I’m currently writing from the Sheraton in Boston enjoying a cup of New England Clam Chowder, and here’s reason #8,013 why I’m not perfect (I know, it’s a conservative number, but bear with me). My lovely girlfriend is taking the Massachuesets bar exam today, after having taken the multistate and New York state exams over the previous two days. Let me start off by saying she’s been an absolute saint for taking this and has been pretty good for the whole process. No breakdowns. And the bar process is miserable, no mistake about it. My condolences and congratulations to everyone who had to partake over the last few months.
So, we’ve been preparing for this for a little bit and I knew I was going to be in Boston on Thursday and Friday morning with free time. To stay busy, I reached out to Noam Wasserman, Associate Professor at Harvard Business School and best selling author of “The Founder’s Dilemmas: Anticipating and Avoiding the Pitfalls That Can Sink a Startup .” Noam was very friendly over email and accepted my invitation for an interview. This morning, I showed up on campus at 10:15 AM for a 10:30 meeting, walked around a little bit, went to the 2nd floor of the Rock Center, and knocked on his door. Someone who was not Noam opened the door, I looked in, and saw Noam and some others in the middle of a meeting. After fumbling around for words, Noam asks me to come back later. On a second review of our email exchange, Noam had asked me to stop by on Friday and not Thursday. I was a full 24-hours early. I turned around, got back to my hotel, did some work, and I’m sitting at the bar right now.

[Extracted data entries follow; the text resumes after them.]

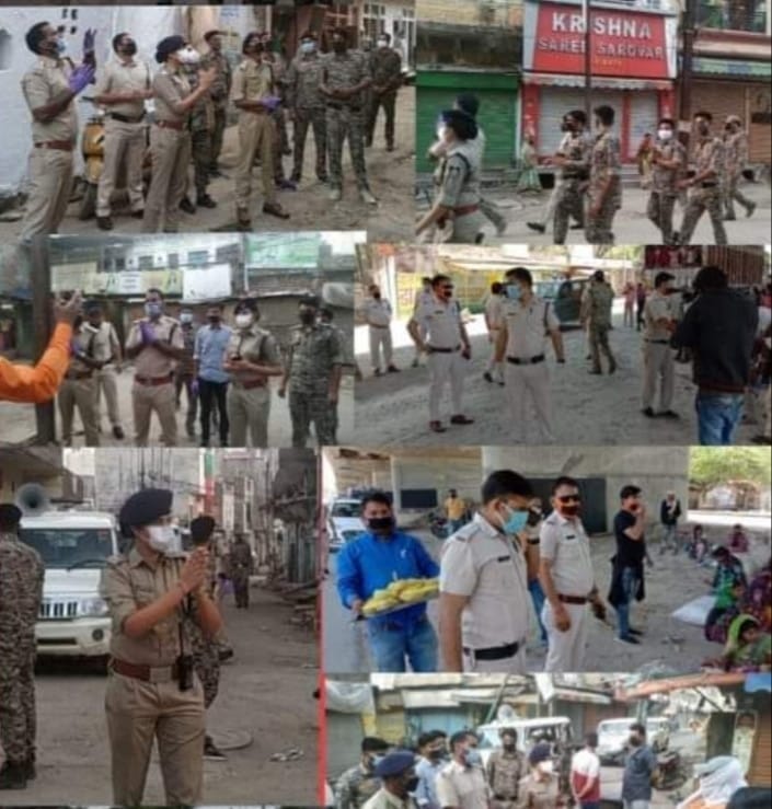 कई जगह पुलिस को हल्का बल प्रयोग करना पड़ रहा है, कहीं धमकाना भी पड़ रहा है और कई जगह पुलिस गांधीगिरी का भी प्रयोग कर रही है। ऐसा ही नजारा मुरैना में देखने को मिला जहां पुलिस ने हाथ जोड़कर मार्च निकाला और गली मोहल्लों में भ्रमण करते हुए हाथ जोड़कर लोगों से सुरक्षित रहने की अपील की। इस दौरान मास्क पहने हुए पुलिसकर्मी, जिनमें महिला पुलिस भी शामिल थीं गली गली गए और लोगों से अपील की कि लॉकडाउन के दौरान सोशल डिस्टेंसिंग का पालन करें, खुद को स्वच्छ रखें, घरों से न निकलें तथा पुलिस की सहायता करें।
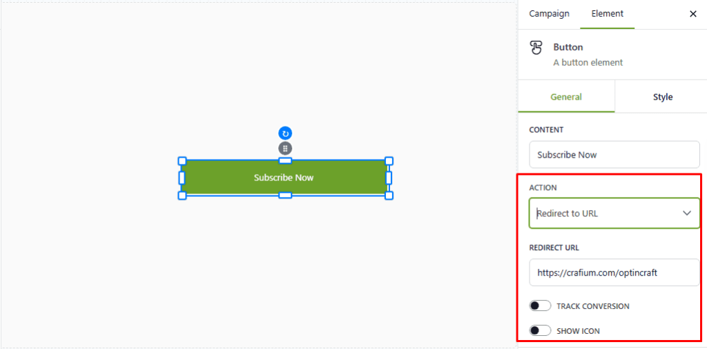 The Button Element in OptinCraft allows you to create clickable call-to-action buttons inside your popups. You can use it to redirect visitors, close popups, or guide users to the next step in your campaign.
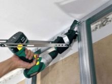 - С метален профил. Рейки се използва за създаване на рамката на бъдещата структура. Основата на профилите се сглобява в зависимост от изискванията на потребителя. Рамката може да бъде под формата на обикновена кутия или сложна многостепенна структура. След създаването на метален скелет, към него са прикрепени листове от гипсокартон. Този метод изисква специална точност; всеки детайл трябва да бъде внимателно измерен и равномерно прикрепен един към друг. Ако възникнат изкривявания, продуктът от гипсокартон ще изглежда небрежен.

This is not the first time this has happened. It’s the 3rd time in the past year. About a year ago I was interviewing for a new role in my firm. The one group I desperately wanted to get into extended me an invitation to interview. Tuesday morning, I showed up 10 minutes early for an 11am meeting, greeted the manager, and she informed me I was twenty minutes late. Wrong time, 10:30 meeting. The manager was annoyed but ultimately understanding and re-scheduled for the next day. The next day, I showed up 10 minutes early, had the secretary call the manager and waited for 15 minutes. The manager finally emerged from from an elevator bank, walked up to me and asked “what the hell are you doing on the wrong floor?” First day, wrong time. Second day, wrong floor. Even more idiotically, I showed up on the correct floor the first day. Don’t ask me how, but yes, I got the job. Third experience? Right place, right time, wrong day.
Those are the instances that stick out in my mind, but I’m sure it’s much more common place than that. In each one, I was thoroughly prepared. I researched my groups or interview subjects and was ready to discuss whatever. There’s just that little detail of the when and where. I’ll figure it out someday.
Anyways, I meet Noam tomorrow. I’m excited to talk about his book, which was on the reading list and is now finished. That will eventually get posted to the Harbor.
If I meet with anyone of you readers in the future, please do me a favor. Can you send me the calendar invite? As my brother frequently tells me, for a smart kid, I’m really dumb sometimes. And as Bill Simmons frequently says, the lesson as always? I’m an idiot.